Copy, word for word, the lines of the listing below from the line with "Life - Birthday" up to and including the line with "如果用传统媒体来类比,「专辑". Drop the pictures.

RECORDS FOR THIS EXERCISE:
====================
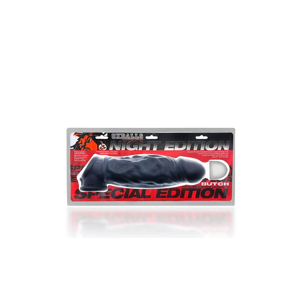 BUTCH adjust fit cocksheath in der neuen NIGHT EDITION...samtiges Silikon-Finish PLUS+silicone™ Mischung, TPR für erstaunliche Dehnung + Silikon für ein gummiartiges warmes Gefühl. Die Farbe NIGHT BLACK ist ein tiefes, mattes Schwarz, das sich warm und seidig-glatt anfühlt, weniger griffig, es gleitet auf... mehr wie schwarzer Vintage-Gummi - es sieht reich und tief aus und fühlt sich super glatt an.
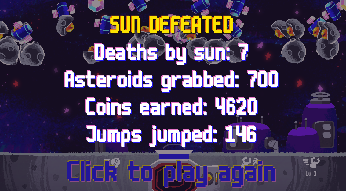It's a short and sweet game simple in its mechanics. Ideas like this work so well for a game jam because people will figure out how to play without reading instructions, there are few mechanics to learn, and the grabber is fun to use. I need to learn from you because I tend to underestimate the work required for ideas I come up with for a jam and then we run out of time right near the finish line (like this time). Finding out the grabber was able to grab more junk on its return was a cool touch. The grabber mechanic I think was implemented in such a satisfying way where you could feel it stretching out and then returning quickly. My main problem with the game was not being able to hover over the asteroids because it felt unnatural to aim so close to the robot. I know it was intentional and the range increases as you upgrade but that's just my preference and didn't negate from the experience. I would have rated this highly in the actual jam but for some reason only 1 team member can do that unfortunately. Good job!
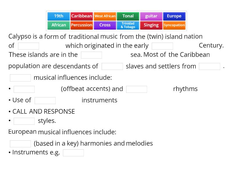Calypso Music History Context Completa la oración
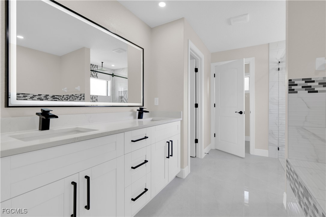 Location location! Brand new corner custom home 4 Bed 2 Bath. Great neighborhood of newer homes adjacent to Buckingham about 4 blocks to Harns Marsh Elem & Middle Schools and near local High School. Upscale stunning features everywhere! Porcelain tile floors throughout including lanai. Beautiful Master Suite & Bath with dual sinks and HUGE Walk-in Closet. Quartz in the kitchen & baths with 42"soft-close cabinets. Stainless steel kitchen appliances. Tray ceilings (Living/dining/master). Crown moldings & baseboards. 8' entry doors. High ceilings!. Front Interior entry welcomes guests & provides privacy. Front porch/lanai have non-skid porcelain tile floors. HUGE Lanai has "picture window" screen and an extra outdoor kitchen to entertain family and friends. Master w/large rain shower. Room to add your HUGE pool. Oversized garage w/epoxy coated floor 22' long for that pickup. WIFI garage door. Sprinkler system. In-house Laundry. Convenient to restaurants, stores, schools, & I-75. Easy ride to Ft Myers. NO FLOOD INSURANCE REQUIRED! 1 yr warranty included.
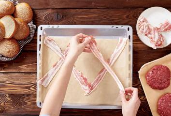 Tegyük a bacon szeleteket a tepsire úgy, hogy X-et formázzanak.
====================
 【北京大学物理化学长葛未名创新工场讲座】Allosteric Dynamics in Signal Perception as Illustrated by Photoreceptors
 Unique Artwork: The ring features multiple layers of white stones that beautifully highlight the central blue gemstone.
====================
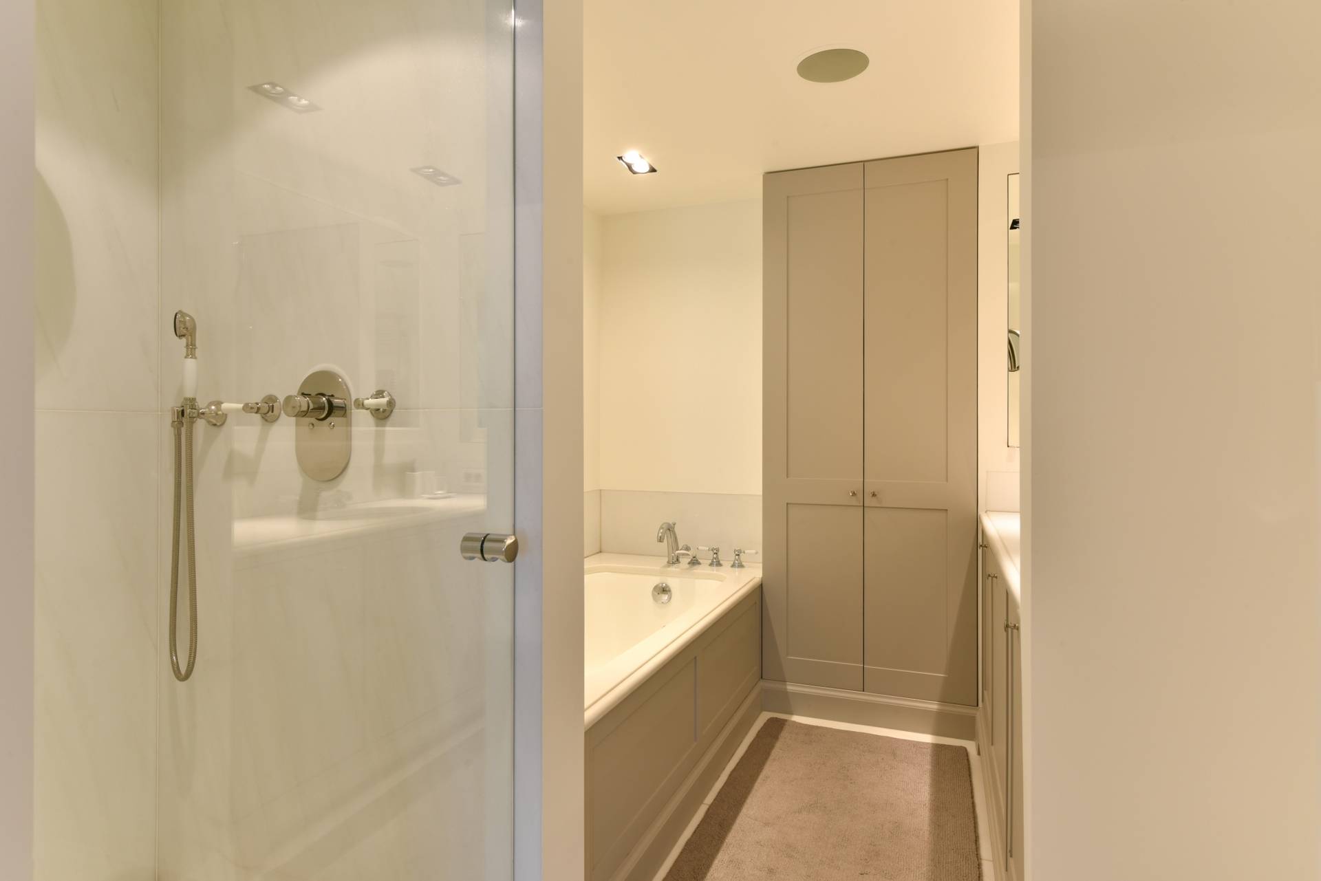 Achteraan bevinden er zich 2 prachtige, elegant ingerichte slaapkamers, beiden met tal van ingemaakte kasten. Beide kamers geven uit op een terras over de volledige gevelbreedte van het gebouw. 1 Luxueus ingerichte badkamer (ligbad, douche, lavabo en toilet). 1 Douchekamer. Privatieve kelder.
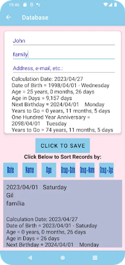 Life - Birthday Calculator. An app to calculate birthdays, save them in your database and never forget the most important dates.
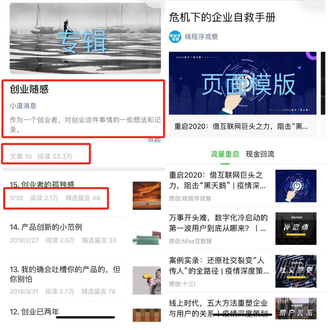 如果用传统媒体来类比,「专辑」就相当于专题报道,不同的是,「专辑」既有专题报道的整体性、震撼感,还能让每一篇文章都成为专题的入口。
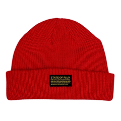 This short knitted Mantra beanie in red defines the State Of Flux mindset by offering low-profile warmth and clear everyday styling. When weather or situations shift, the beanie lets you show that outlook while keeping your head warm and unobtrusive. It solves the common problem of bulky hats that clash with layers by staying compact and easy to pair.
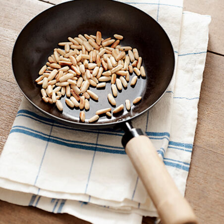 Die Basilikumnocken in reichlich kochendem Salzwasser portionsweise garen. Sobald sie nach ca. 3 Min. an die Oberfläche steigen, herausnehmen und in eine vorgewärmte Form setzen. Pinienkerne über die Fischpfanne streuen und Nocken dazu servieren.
====================
SOLUTION:
 Life - Birthday Calculator. An app to calculate birthdays, save them in your database and never forget the most important dates.
 如果用传统媒体来类比,「专辑」就相当于专题报道,不同的是,「专辑」既有专题报道的整体性、震撼感,还能让每一篇文章都成为专题的入口。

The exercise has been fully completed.